[Start of section]

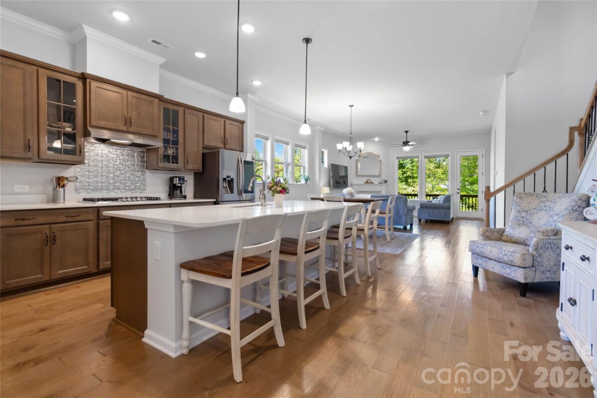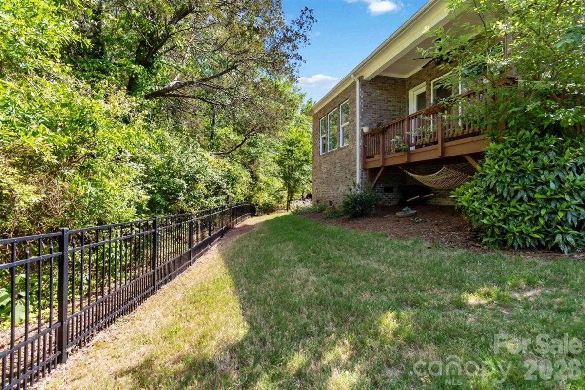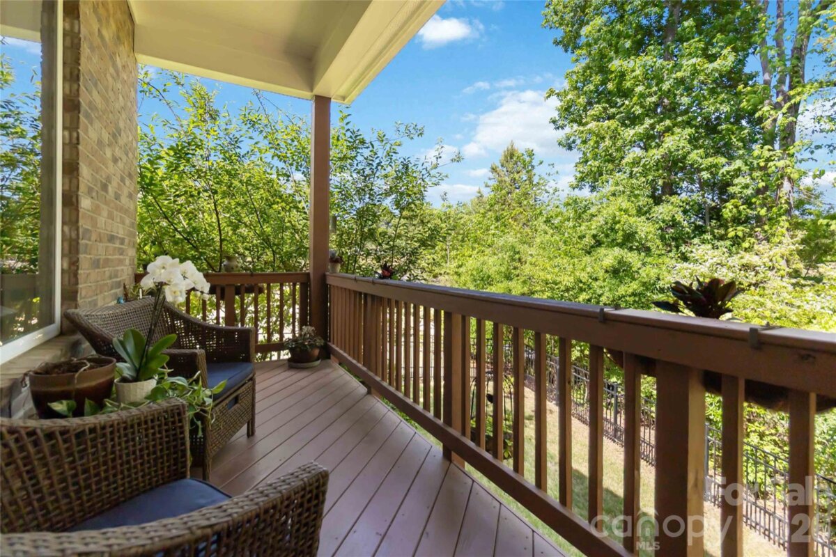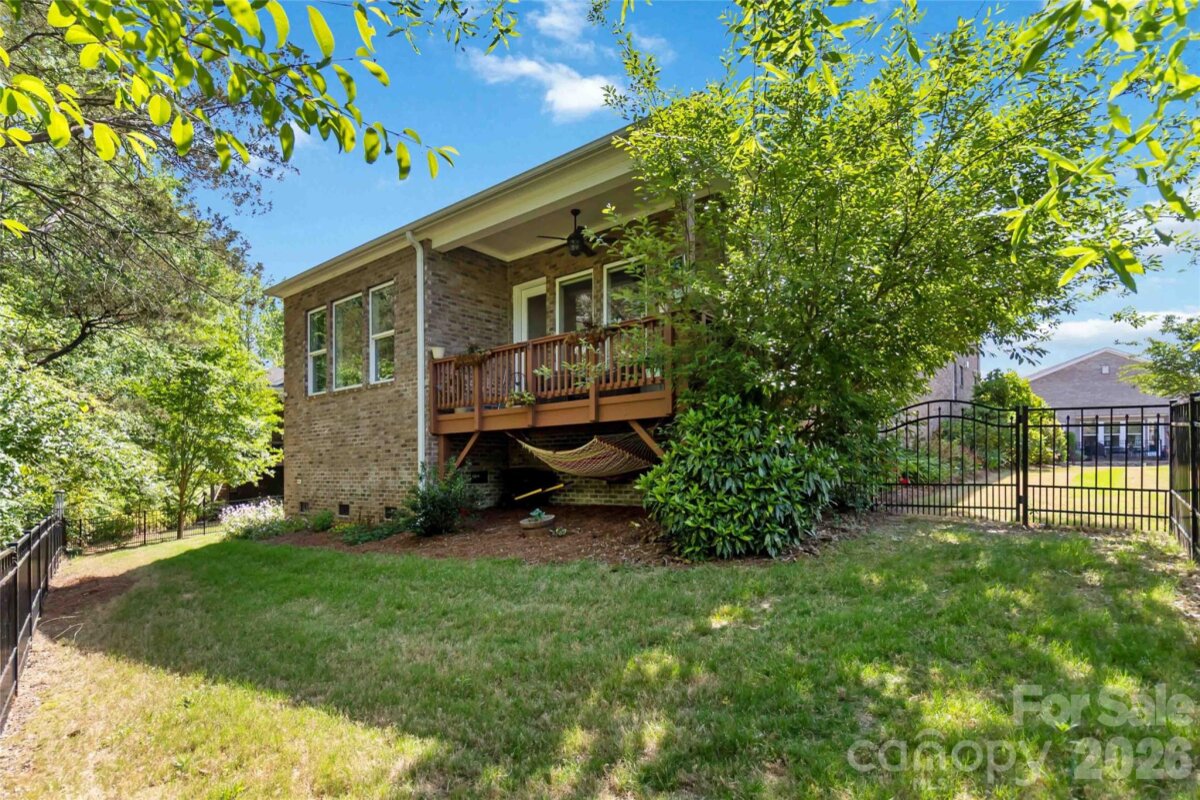 Welcome to this beautifully crafted brick home, ideally situated on a rare, oversized lot in sought-after Eden Hall—just minutes from Downtown Matthews. Designed for both everyday living and entertaining, the open floor plan features 10’ ceilings, abundant natural light, and hardwood floors throughout the main living areas. A flexible front room provides the perfect space for a home office, music room, play room, or sitting area. The gourmet kitchen is the centerpiece of the home, offering quartz countertops, stainless steel appliances, gas cooktop, glass-front cabinetry, and a large island that flows seamlessly into the dining area and great room. The great room with gas fireplace opens to a balcony that overlooks the backyard trees. The oversized main-level primary suite delivers convenience and comfort, featuring a spa-inspired bath with a large tiled walk-in shower, transom window, and dual vanities. Large walk-in closet has direct access to the laundry room, complete with folding station. Upstairs, a spacious loft creates an ideal secondary living area, complemented by a private guest suite with ensuite bath plus an additional bedroom with access to a full bath with tiled walk-in shower. A large walk-in attic provides excellent storage or future expansion potential. Enjoy outdoor living from the covered rear balcony overlooking a fenced yard and wooded backdrop—offering both privacy and usable space rarely found in the neighborhood. HOA-maintained lawn care, landscaping, and irrigation allow for low-maintenance living in a prime location close to shopping, dining, and community amenities. Don't miss this opportunity - schedule your showing Today!
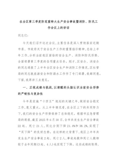 【七哥公文】2025年:在全区第三季度防范重特大生产安全事故暨消防、防汛工作会议上的讲话+更多免费公文+VX:QiGeGongWen2024
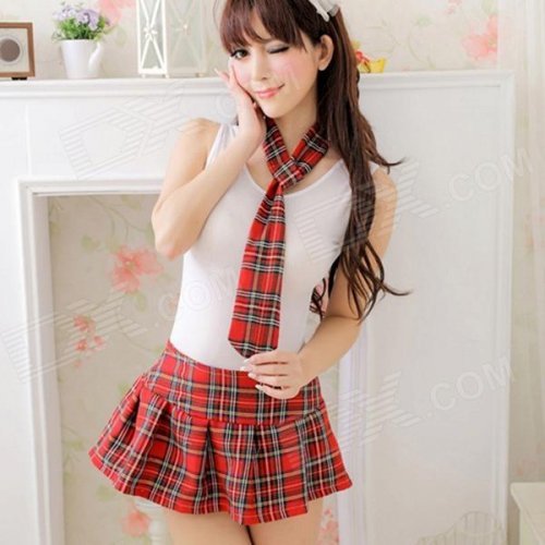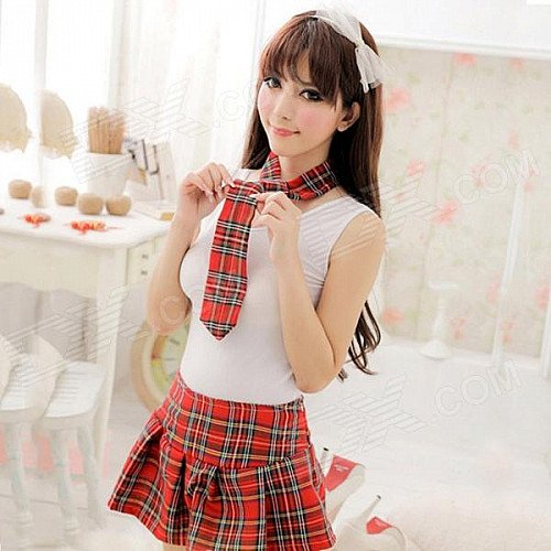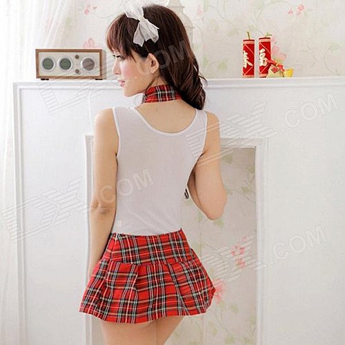 Women's Fashionable Sexy Student Style Cosplay Sleep Dress Set - White + Red
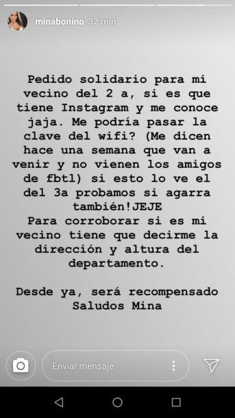 "Pedido solidario para mi vecino del 2a, si es que tiene Instagram y me conoce jaja. Me podría pasar la clave de Wifi?", escribió Bonino en una de sus stories.
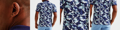 Classic fit polo with Camo print design. Ribbed knit collar and sleeve cuffs. Twin needle stitching on hem. Two self coloured buttons on placket. Product contains no branded neck label. Removable Kimble or looped garment tags. Inner seam label holds important product information on one label with a second label containing brand information which can be cut-away. Please note old stock may contain a fixed branded label
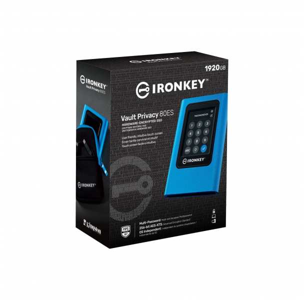 Kingston Technology IronKey Vault Privacy 80. SSD capacity 1920 GB. USB connector USB Type-C, USB version 3.2 Gen 1 (3.1 Gen 1). Read speed 250 MB/s, Write speed 250 MB/s. Password protection, Product colour Blue
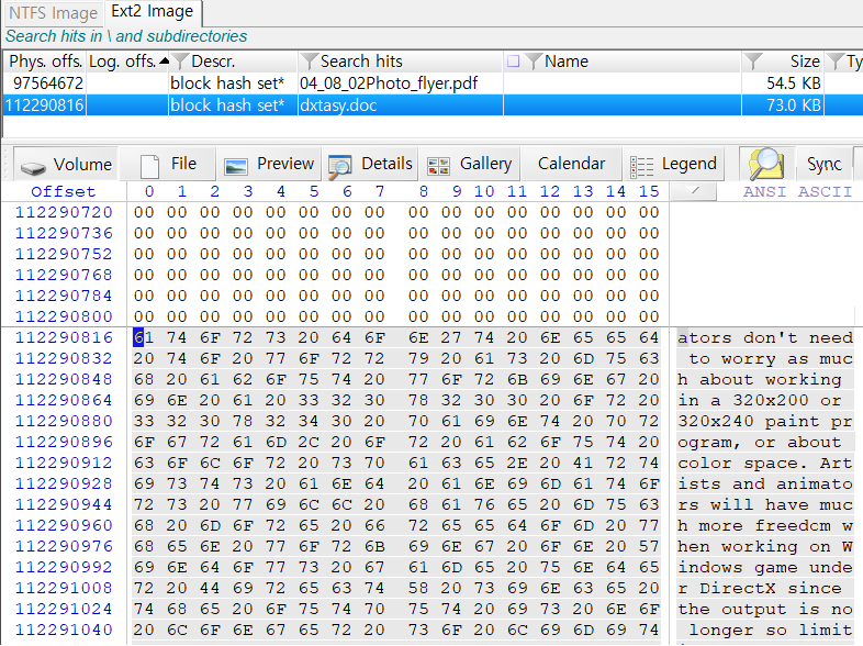 만들어진 블록 해시와 동일한 블록을 Ext2 Image.e01에서 검색하자

[End of section]

> [Task]: Begin with the line containing "Classic fit polo", stop at the last line of the records above, and copy every line in between exactly, both ends included, with no pictures.

> [Output for this task]:
 Classic fit polo with Camo print design. Ribbed knit collar and sleeve cuffs. Twin needle stitching on hem. Two self coloured buttons on placket. Product contains no branded neck label. Removable Kimble or looped garment tags. Inner seam label holds important product information on one label with a second label containing brand information which can be cut-away. Please note old stock may contain a fixed branded label
 Kingston Technology IronKey Vault Privacy 80. SSD capacity 1920 GB. USB connector USB Type-C, USB version 3.2 Gen 1 (3.1 Gen 1). Read speed 250 MB/s, Write speed 250 MB/s. Password protection, Product colour Blue
 만들어진 블록 해시와 동일한 블록을 Ext2 Image.e01에서 검색하자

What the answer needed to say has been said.